I'm attempting to generate dummy data by sampling from a specific discrete distribution - conditional on the levels of a factor (so a different distribution for each factor level) and then wish to insert each random result into a new dataframe column in the row corresponding to the factor level. If you run the code below you will see that 'data$last' is empty. I'm not sure what I'm doing wrong, I've tried it without the loop as well, by setting replications to 100 for each level - however the distributions are incorrect.
#Create data frame with factor
set.seed(1)
ID<-(1:200)
gender<-sample(x = c("Male","Female"), 200, replace = T, prob = c(0.5, 0.5))
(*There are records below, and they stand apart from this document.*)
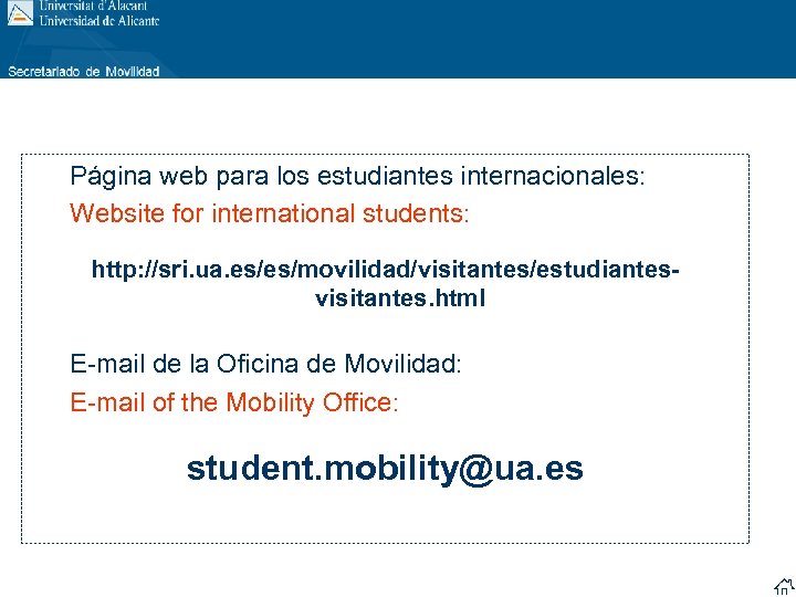Página web para los estudiantes internacionales: Website for international students: http: //sri. ua. es/es/movilidad/visitantes/estudiantesvisitantes. html E-mail de la Oficina de Movilidad: E-mail of the Mobility Office: student. mobility@ua. es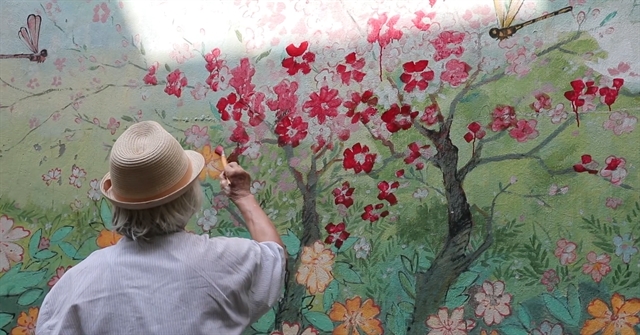 The white-haired artist's mural paintings are familiar to residents of bustling Ngõ Quỳnh in Hai Bà Trưng District of Hà Nội, beautifying the walls of many homes and the local lanes in general.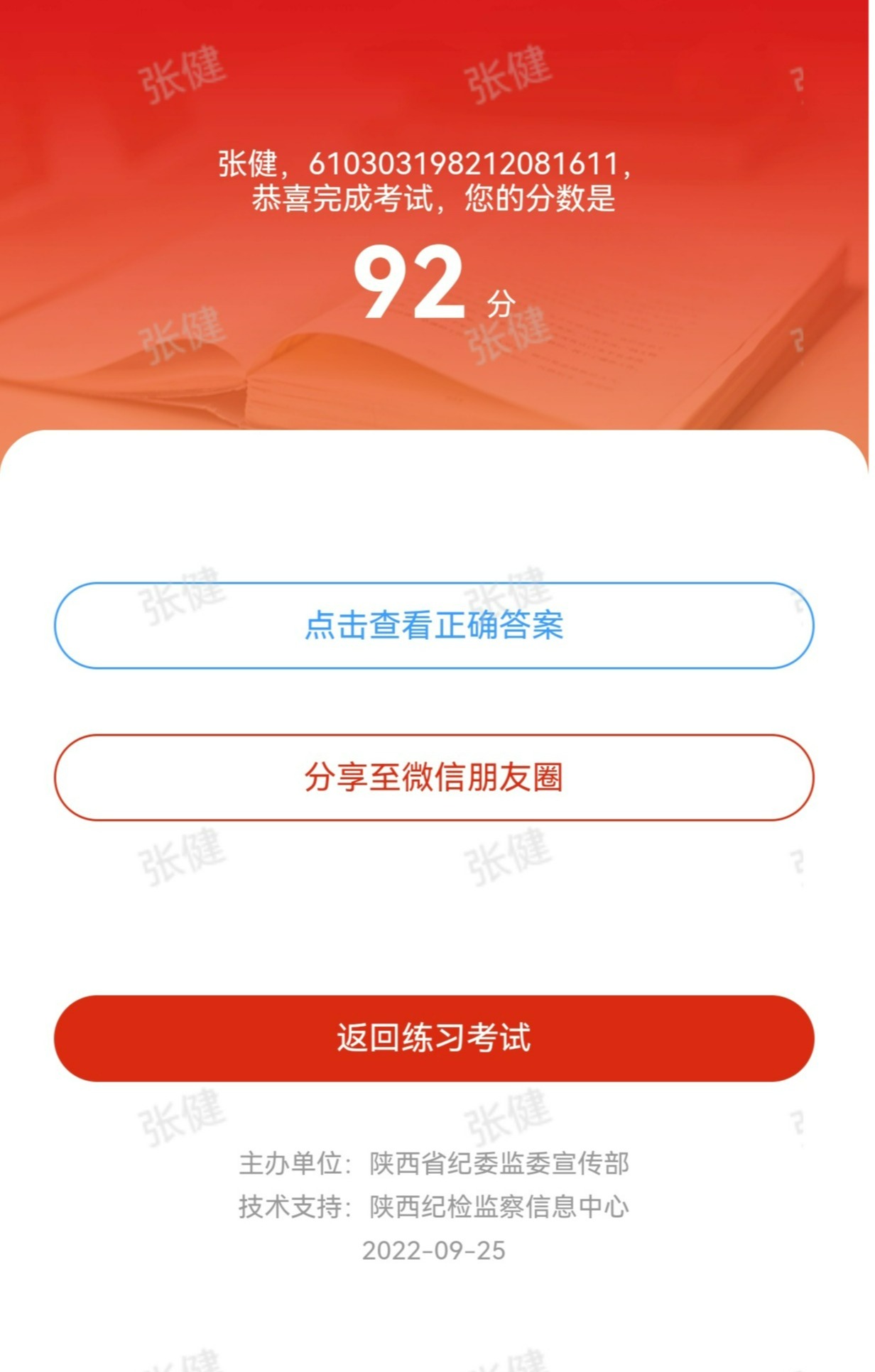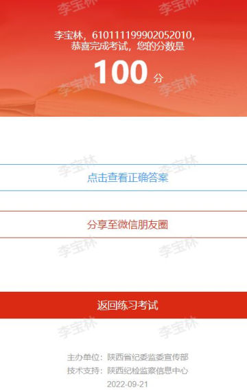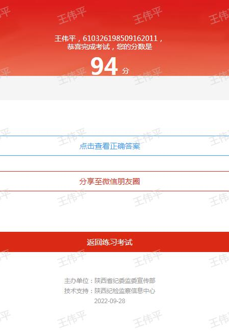 学院135名党员在“陕西纪检监察”微信公众号“全省纪律教育学习宣传月党规党纪知识测试”栏目进行在线知识测试,参测率100%,及格率100%,达到了以考促学、以学促廉,不断增强纪律规矩意识,筑牢思想道德防线的学习目的。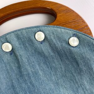 RETRO HANDMADE DENIM & SOLID WOOD HANDLE BAG, PEARLY BUTTONED HIDDEN POCKETS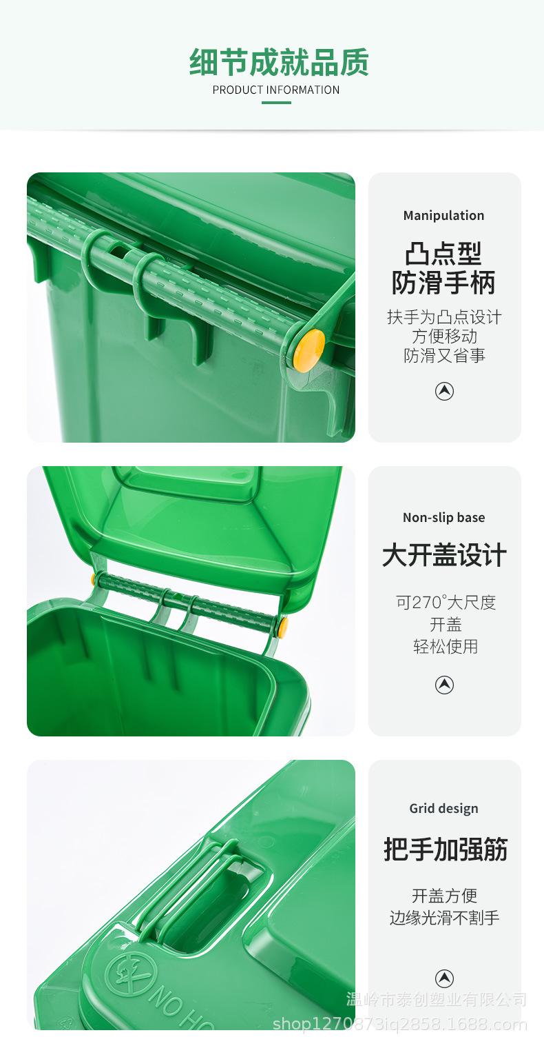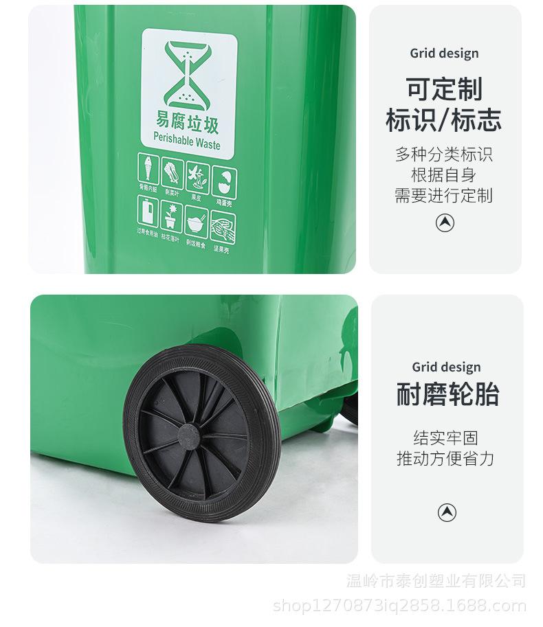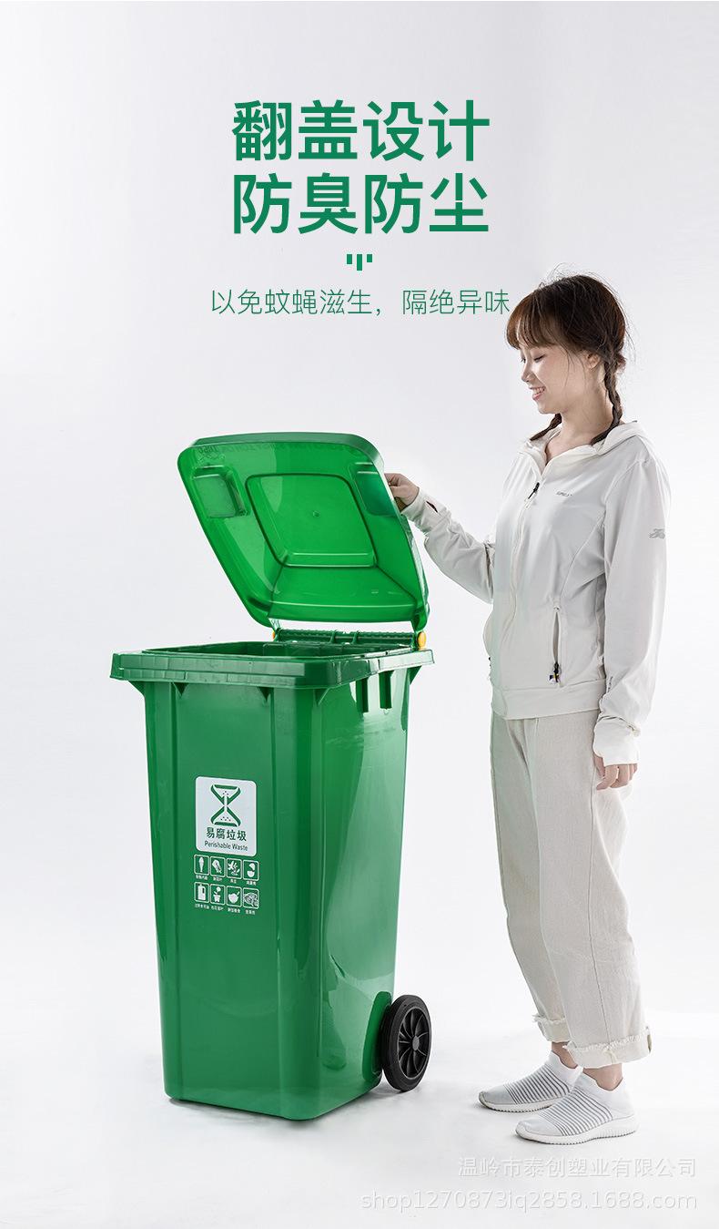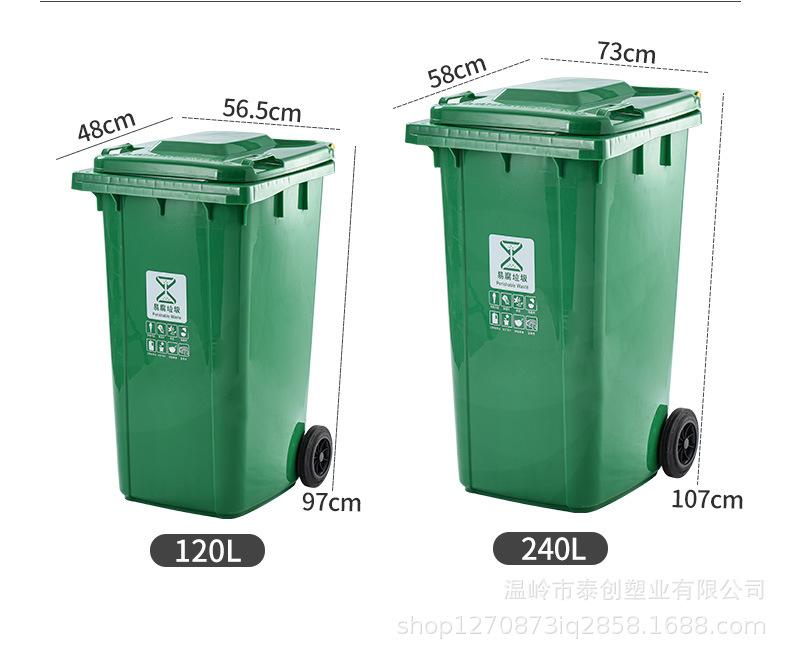 Contenedor de basura sanitario para exteriores grande con tapa de 240 litros de espesor, contenedor de basura de clasificación de barril de remolque de plástico de 120 litros, fabricantes de contenedores de basura

data<-data.frame(ID,gender)
#Generate random response based on discrete distribution conditional on gender
data$last <- for (i in 1:nrow(data)) {if(data$gender=="Male") {
sample(x = c("Today","Yesterday"), 1, replace = T, prob = c(0.8, 0.2))
} else {
sample(x = c("Today","Yesterday"), 1, replace = T, prob = c(0.3, 0.7))
}
}
You should rewrite your for-loop to assignate each data$last value inside the loop :
for (i in 1:nrow(data)) {
if(data$gender[i]=="Male") {
data$last[i] = sample(x = c("Today","Yesterday"), 1, replace = T, prob = c(0.8, 0.2))
} else {
data$last[i] = sample(x = c("Today","Yesterday"), 1, replace = T, prob = c(0.3, 0.7))
}
}
Or without for-loop :
data$last = ifelse(data$gender=="Male",
sample(x = c("Today","Yesterday"), length(data$gender[(data$gender=="Male")==TRUE]), replace = T, prob = c(0.8, 0.2)),
sample(x = c("Today","Yesterday"), length(data$gender[(data$gender!="Male")==TRUE]), replace = T, prob = c(0.3, 0.7)))